With Ramadan over Turkey takes further steps to normalization
A family wearing protective face masks buy flowers just hours before a four-day curfew came into effect in Ankara, Turkey, Friday, May 22, 2020. (AP Photo)


Turkey is poised to lift more coronavirus restrictions with a decline in the number of cases and a continuous positive trend in recoveries.

The number of recovered patients from the disease reached 120,015 as 1,321 more were discharged from hospitals in the last 24 hours, Health Minister Fahrettin Koca announced Monday.

The figure indicates that over 75% of Turkey's 157,814 COVID-19 patients have recovered so far.

In the meantime, some 987 new cases were reported over the last 24 hours, Koca said.

The death toll from the outbreak rose to 4,369 as the country reported 29 new fatalities, according to the ministry.

Health care professionals performed another 21,400 tests, raising the overall number of tests to over 1.85 million.

Currently, some 756 patients are being treated in intensive care units, the ministry confirmed.

Turkey has successfully managed the course of the novel coronavirus pandemic and is nearing the end of the outbreak, President Recep Tayyip Erdoğan said Monday.

"The picture after the normalization steps we took shows that we are on the right track," said the president in his remarks on Ramadan Bayram, also known as Eid al-Fitr.

Addressing the members of the ruling Justice and Development Party (AK Party) via video link, Erdoğan thanked the public for staying home during a four-day curfew over the holiday.

With Ramadan Bayram over and a four-day curfew in Turkey's 81 provinces coming to an end, citizens across the country tried to return to their normal lives or what the authorities would call, the post-virus normal.

Turkey on Saturday declared a four-day nationwide lockdown on May 23-26 during the bayram holiday, which marks the end of Ramadan in the Islamic faith, as part of measures against the coronavirus pandemic.

Citizens were unable to meet family members living in other cities, as along with curfew, a ban on intercity travel remains in place. Many bayram traditions were also not performed, including bayram prayers, which see unusual crowds in mosques in the early hours on the bayram's first day across the country.

Meanwhile, The Presidency of Religious Affairs (Diyanet), Turkey's top religious authority, released a statement regarding measures that need to be taken in Friday Prayers, which is planned to resume on May 29.

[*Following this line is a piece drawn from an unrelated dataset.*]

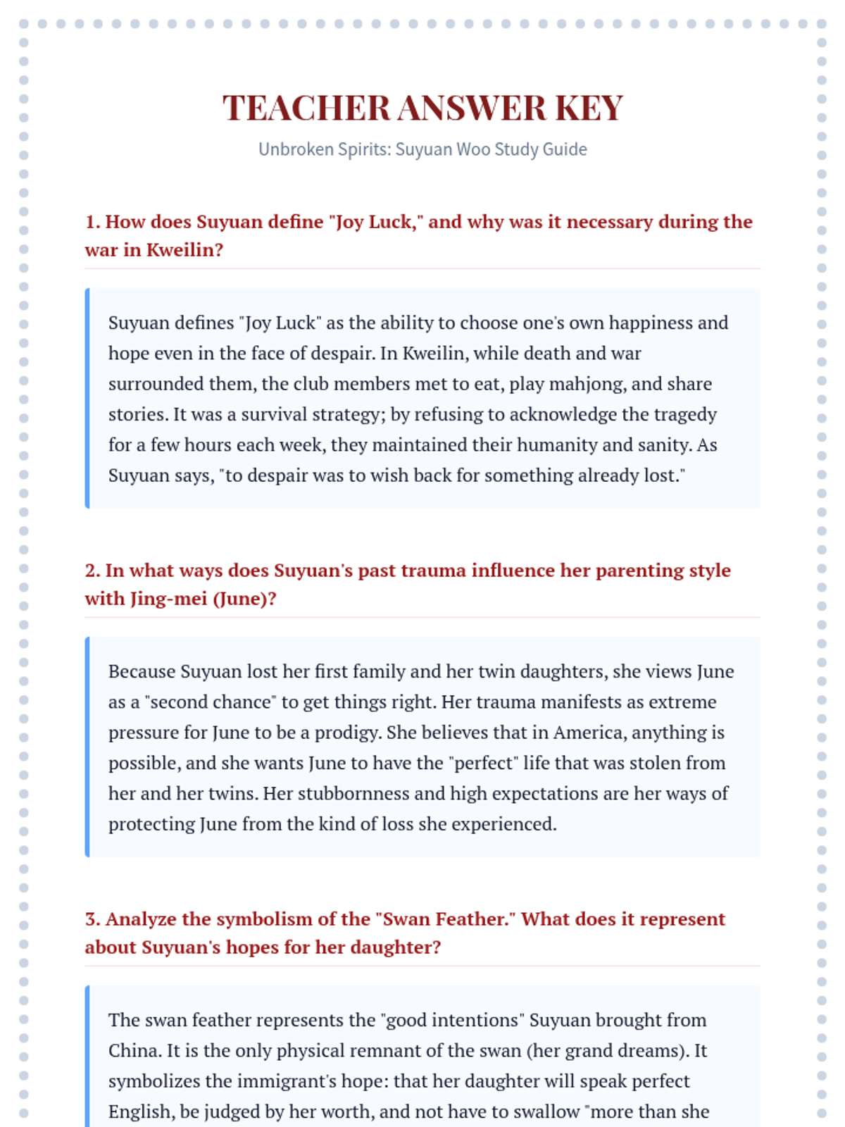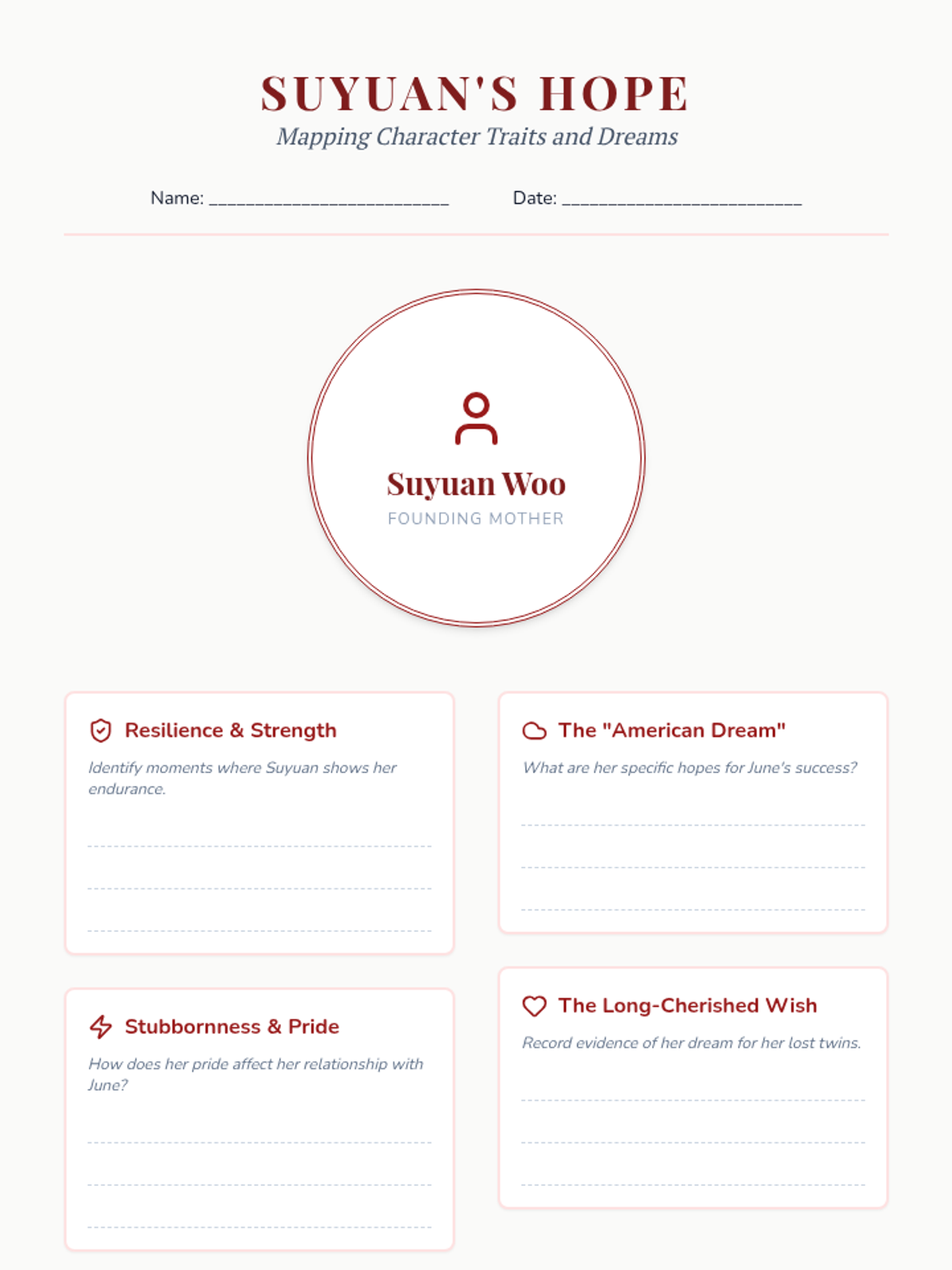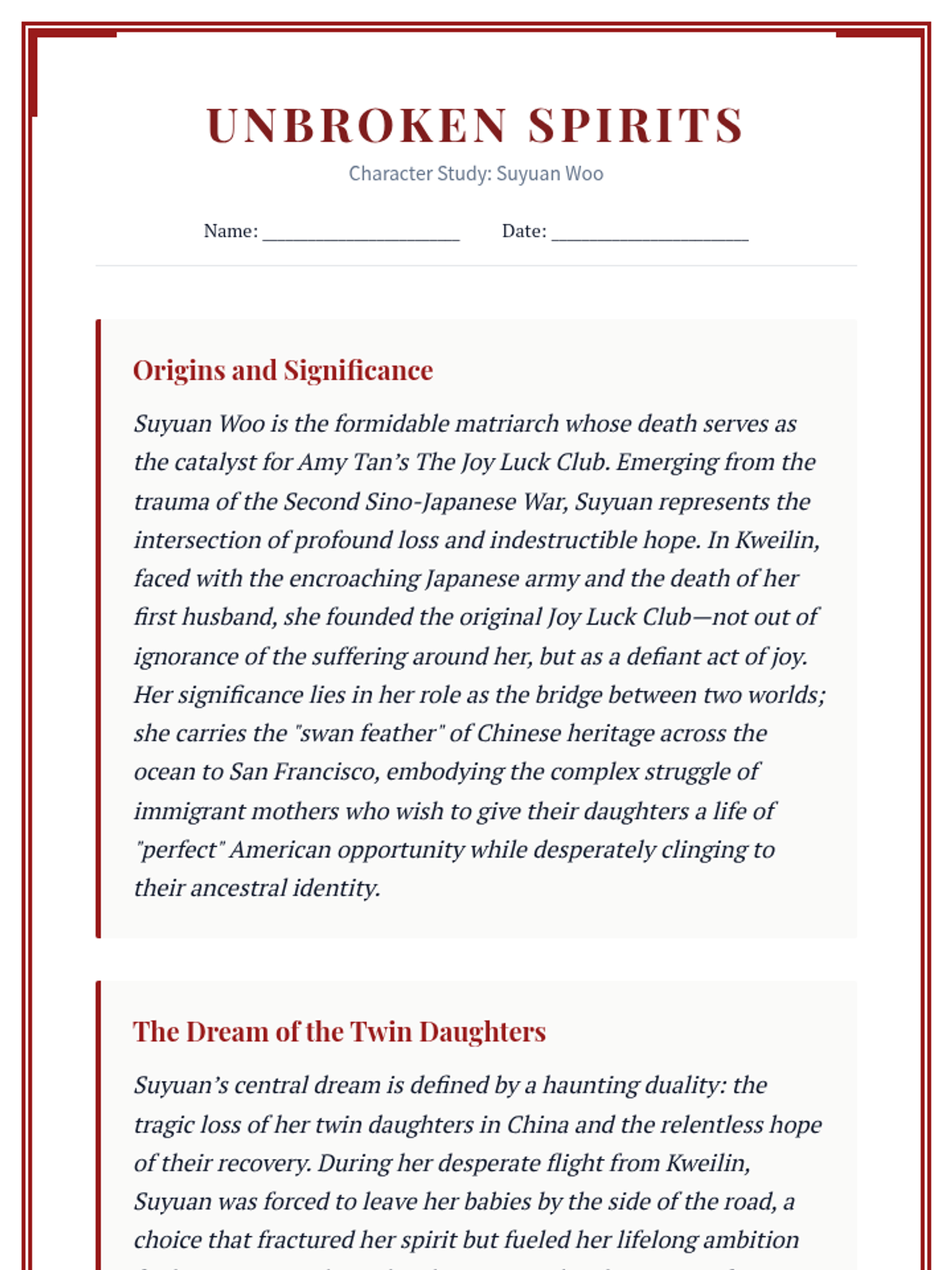 A deep dive into the life, legacy, and dreams of Suyuan Woo, the founding mother of the Joy Luck Club. Students will explore her resilience in war-torn China and her enduring hope for her daughters.

Accordingly, citizens were called to perform wudu – the ritual ablution before prayer – at their homes as places for this purpose in the mosques will remain closed. Diyanet also warned on the usage of protective masks, urging people to bring their prayer rugs and observe social distancing.

As the country moves toward normalization from the coronavirus outbreak, quarantines for recently returned expatriates will also coming to an end.

There are no longer any citizens left in quarantine in dormitories in Turkey, Youth and Sports Minister Mehmet Muharrem Kasapoğlu said Saturday.

At the instruction of President Erdoğan, Turkish expatriates brought back from all over the world were hosted in quarantine dormitories for two weeks due to the outbreak.

Since the start of the outbreak, some 77,441 citizens were hosted in these dorms.

"We have hosted our citizens with the utmost care. And now we have seen them off. Psychologists, dieticians and doctors worked hand in hand at these dorms," said Kasapoğlu.